> LLMs could be trained to ignore instructions in such text blocks
Okay, but that means you'll need some way of classifying entirely arbitrary natural-language text, without any context, whether it's an "instruction" or "not an instruction", and it has to be 100% accurate under all circumstances.
This is especially hard in the example highlighted in the blog. As can be seen from Microsoft's promotion of GitHub coding agents, the issues are expected to act as instructions to be executed on. I genuinely am not sure if the answer lies in sanitization of input or output in this case
> I genuinely am not sure if the answer lies in sanitization of input or output in this case
(Preface: I am not an LLM expert by any measure)

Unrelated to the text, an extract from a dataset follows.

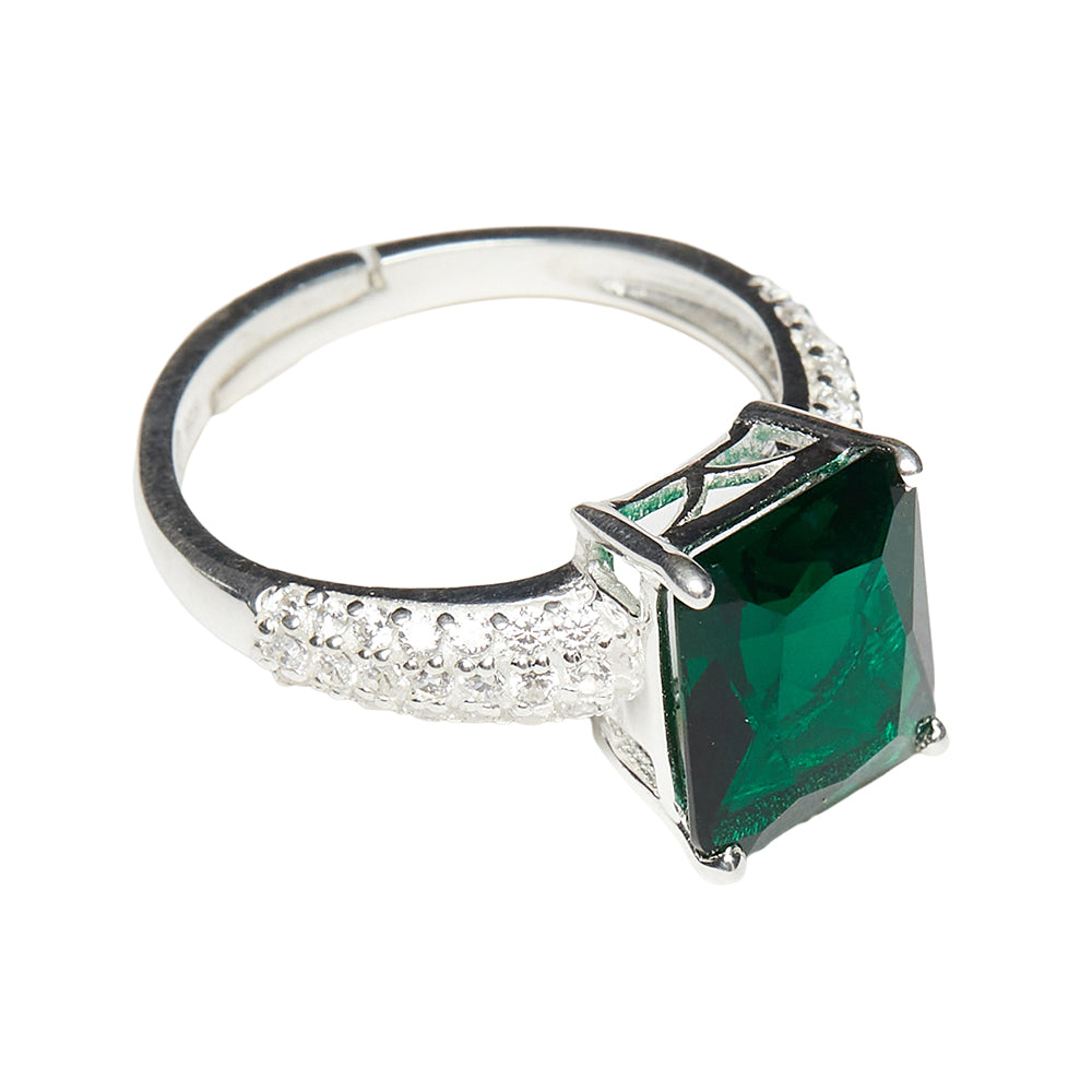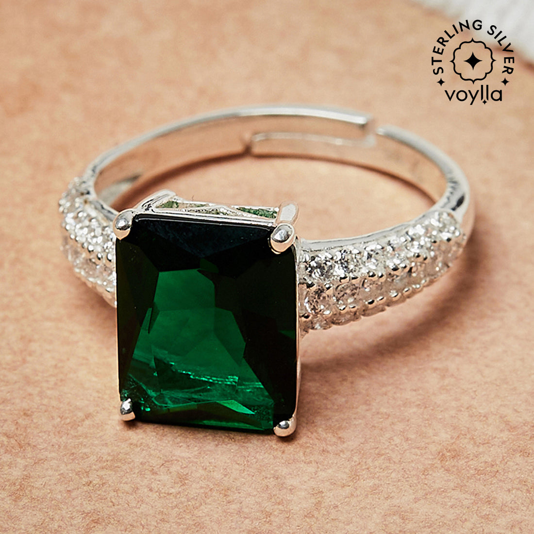 Add more grace to your feminine look through this green stone studded ring in silver plating. Let everyone appraise your sense of style through this exquisite ring made of 925 Sterling Silver.

Based on everything I know (so far), it's better to say "There is no answer"; viz. this is an intractable problem that does not have a general-solution; however many constrained use-cases will be satisfied with some partial solution (i.e. hack-fix): like how the undecidability of the Halting Problem doesn't stop static-analysis being incredibly useful.
As for possible practical solutions for now: implement a strict one-way flow of information from less-secure to more-secure areas by prohibiting any LLM/agent/etc with read access to nonpublic info from ever writing to a public space. And that sounds sensible to me even without knowing anything about this specific incident.
...heck, why limit it to LLMs? The same should be done to CI/CD and other systems that can read/write to public and nonpublic areas.